Of course, I haven’t demonstrated complexity. But I don’t think I need to demonstrate that a software’s complexity lies along the same kind of combinatorial lines. However, I do want to add one more caveat to software complexity: Perceived vs real complexity. Let’s say we have two components A and B that have individual failure rates dependent on their own internal components of interdependent systems. Now A and B are interdependent in only one way and the reliability and complexity of the system are easy to see. However, let’s say that each component exposes many more possible interdependencies (probably by exposing their own internal components/systems to the containing system). The reliability of the system hasn’t changed because the components are still actually interdependent in only one way. However, the perceived complexity of the system has just skyrocketed. Each exposed, possible interdependency represents yet another layer of complexity to the system, regardless of whether that interdependency is being used.
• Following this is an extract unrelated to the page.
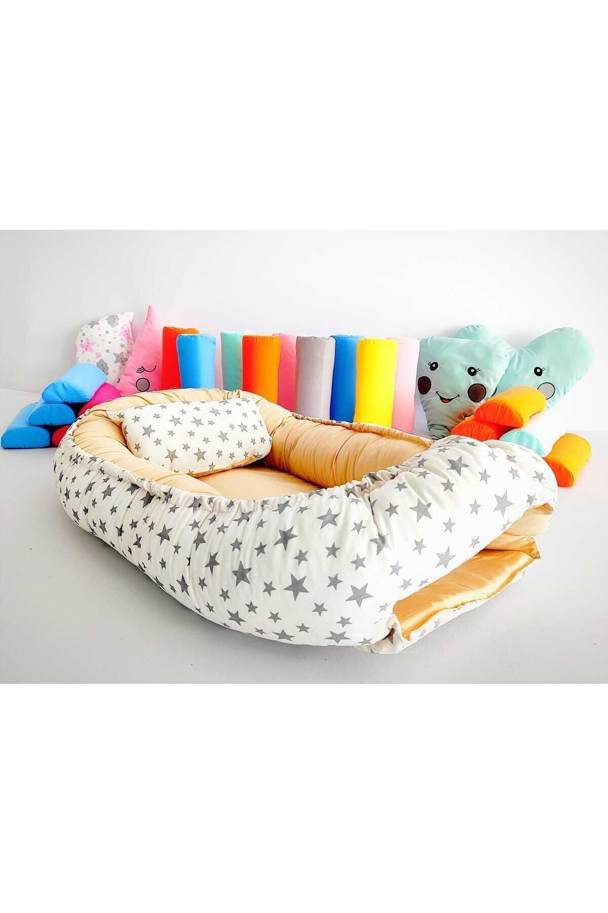 Babynest, Baş Yastığı Ürün Özellikleri Omurga gelişimine uygun özel tasarlanmıştır. %100 Organik Pamuk Lüx Kumaştan üretilmiş, Anti-Bakteriyel ve Anti-Aerjiktir. Fermuarlı iç astara sahip, çamaşır makinesinde yıkanabilir dikim yapılmıştır. 2 Yaşa kadar bebekler için uygun ölçülerdedir. Nem ve Buharı emen sünger ve boncuk elyaf kullanılmıştır. Bebeği terletmez. Ürün Boyutları İçten içe: 70x40 cm Dıştan dışa: 100x60 cm Baş Yastığı: 27x17 cm

One can only separate the real vs perceived complexity of the system at great cost. And I would even say that for larger projects its virtually impossible to do. The result is that even though the system may have a simple set of interdependencies, the perceived complexity of the system makes it impossible to know what they are. This makes it impossible to reliably modify the system. Because the perceived complexity is so high, you can’t know if one change made to the system will break an interdependency. In this sense, the systems actual complexity doesn’t matter. It’s the perceived complexity that affects attempts at alterations. ¹ It’s the perceived complexity that makes things so difficult, especially if you’re trying to understand the system as a whole.
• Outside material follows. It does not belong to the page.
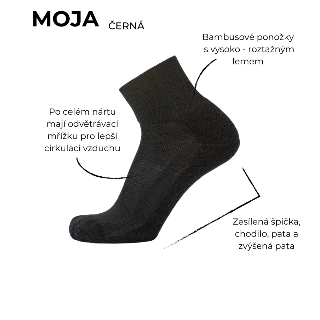Materiálově jsou ponožky stejné jako klasické MOJA – letní bambusové, lehké, prodyšné a skvěle sající vlhkost. Mají zvýšenou patu pro ochranu achilovky, odvětrávací mřížku na nártu a zesílené chodidlo pro vyšší odolnost.

Here’s where Software Architecture comes in. How you architect a system will have a huge impact on the software’s complexity:

By creating modular components, you hide possible interdependencies, revealing only the necessary interdependencies.
By creating types of components, you clearly define roles within the system and the types of interdependencies can become clear. Moreover, by using common types, a system can be easily understood by other who use those types.
By defining clear interfaces you further define the available interdependencies and make it obvious what they are as well as define the expected behavior of each component.
By hiding an objects complexity, you also de-incentivise hidden interdependent behavior. I’ve seen this a lot where a component depends on another component to pass in arbitrary data in a very specific format (Ex: passing in a dictionary with very specific key : values… such a bad, bad idea).
By using protocols you can make the underlying complexity of a component irrelevant. What only matters is how that component interacts with the rest and how reliable it is.
By limiting the responsibilities of any single component, you can more easily increase the reliability of said component. It’s much easier to increase a simple component’s reliability than a complex one for obvious reasons. This is called SRP (single responsibility principle) and it means that any component in the system should have only one responsibility.
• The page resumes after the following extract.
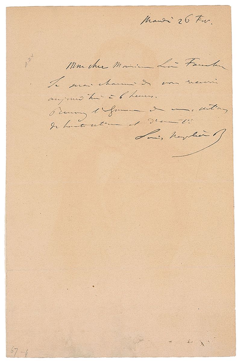 President of the French Second Republic and as Napoleon III, the ruler of the Second French Empire (1808–1873). ALS in French, signed “Louis Napoleon B,” one page, 5.25 x 8, February 26 [1851], as President of the French Republic. Letter to Leon Faucher, his then-Minister of Public Works who would become his Prime Minister just two months later. In fine condition, with scattered mild creasing and toning. A letter from a momentous time in French history, months before the coup d’etat of December 1851, when Bonaparte proclaimed himself Emperor and Faucher resigned.

Software architecture can not only make the perceived complexity of the system approach its real complexity, but it can also help reduce the real complexity and increase the system’s reliability. It also makes the system much more understandable. And when you understand a system, you can change it with confidence.

This isn’t, of course, the only reasons to Architect your software. Testability, for instance, plays a heavy role. But I hope I demonstrated why it’s so necessary. Good Software Architecture is essential for managing complexity. Without it, the software’s complexity is bound to spiral out of control, and with that spiraling complexity will come spiraling costs.

Note: I know this is not actually true: the ratio of perceived vs actual complexity determines the probability that a change will result in a break. ↩